For some reason I still don't understand after having read the book, she stayed on and married Jock, whom she didn't seem to have ever liked very much; and he didn't seem to like her. They had a child, Sandra, despite her lack of maternal feeling.
She said: 'I feel guilty in many ways." Does she really? "No! I don't!" She and her daughter have a "beautiful relationship" now, she says, although Sandra is very religious and she certainly isn't. It might have been a bit difficult having her as a mother. "Yes, because I was so successful in everything I did. And people love me!" That was rather my point. New Zealand mothers do not, generally speaking, go around saying how successful they are and how everyone loves them!
"Of course not, but you see, I did not realise that! For example, we had amazing dinner parties, for 12, 20 people, enormous parties. And I've always been able to cook. Really, I can cook! Even at my age I can still produce a five course meal without any effort whatsoever!" Showing off. "Absolutely!"

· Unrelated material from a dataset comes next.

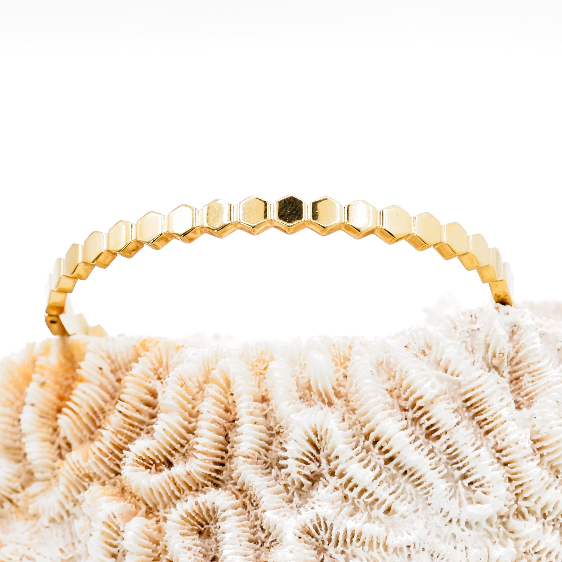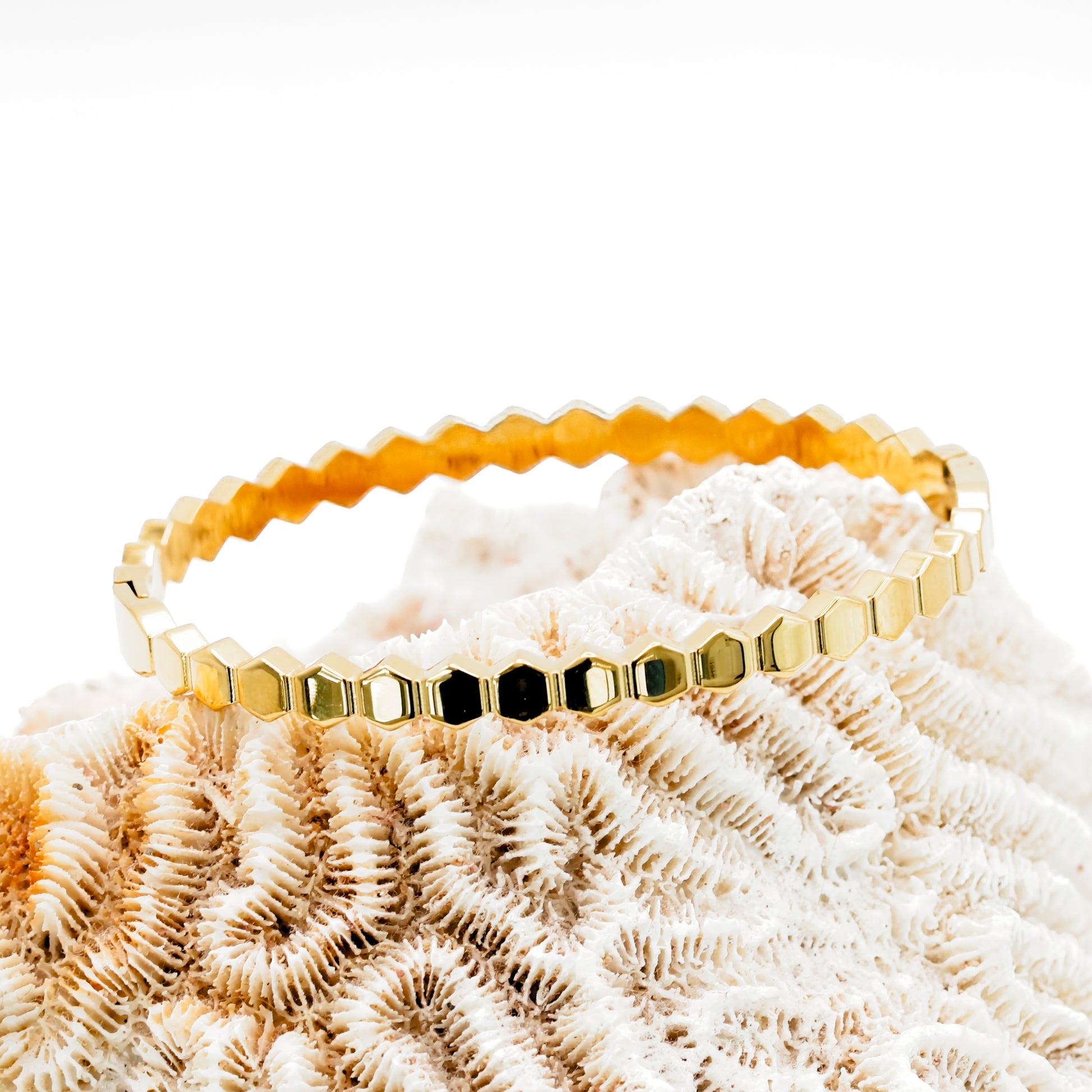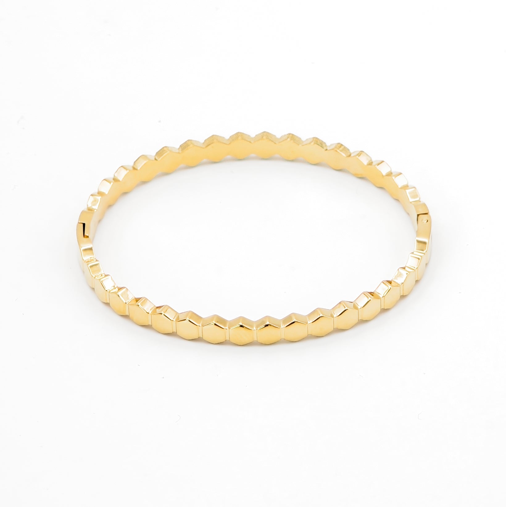 Beschreibung: Dieser wunderschöne Armreif mit Hexagon Design aus hochwertigen 316L Edelstahl ist mit 18K Gold plattiert. Die qualitativ hochwertige Schließe versichert ein stabiles Tragen ohne ungewolltes Öffnen. Dieser Armreif ist ein schlichter, dennoch interessanter Begleiter, der sich sehr gut mit anderen Schmuckstücken kombinieren lässt.

She probably put garlic in things too. "Lots of garlic! Why do you think I'm so healthy?"
She says she is more Chinese these days, some days, than she is Italian although she likes her Italian self more - it is more fun. But she likes being pragmatic and philosophical, which she says she thinks is Chinese.
She believes in destiny (but not luck) and she reads the Tao, she said. I didn't know what that was and she said it was like me opening her book at random and finding my grandfather there, on the page.
She went and got the book of Tao and made me open it and it came up with something about not being gored by rhinos or torn apart by tigers, or something like that (it is about destiny, I think, but not luck). It all sounded rather good and I was quite pleased but she decided it was meant for her, and pinched it! "I know!"
Aah, well, she deserves a good bit of Tao. She didn't have much from her marriage and all of that is laid bare here: The misery and miserliness and the affairs. She says she has a very very long list of his affairs with women. Hers is shorter and, weirdly, despite everyone thinking she was a sex bomb, she says she wasn't ever very interested in sex.
But that isn't the really weird bit of her story, which is that one day in 1975 Jock came to her and said he had something to tell her and it was that he was homosexual. Your jaw may well drop when you read this, so imagine how she felt. She writes: "I said, 'But you must be bisexual. Come on, how could you have slept with all these women for so many years?"'
"'Oh', he said, 'it's because I made myself do it'."
This is completely nuts, I said, and she said, "It's all incongruous". But she doesn't seem to really think so; she just seems to regard it as mildly interesting. She has been good at shrugging things off and getting on, for years and years.
There is much more of this madness and drama, but we were out of time. I did want to know what on earth her family thought of the book and she said she gave it to Sandra who gave it back a week later, without comment. She says her grandchildren thanked her for writing it. Thanked her! For telling the world about their awful family!
She gave me a look, which may have been Chinese or may have been Italian or maybe just pure Meme, and said: "There were a lot of very strange genes in your family too, my darling!"
She said I must come back and she will cook me dinner and tell me all about my strange family. I'd go too. She's every bit as wonderful and naughty and as exotic as the myth.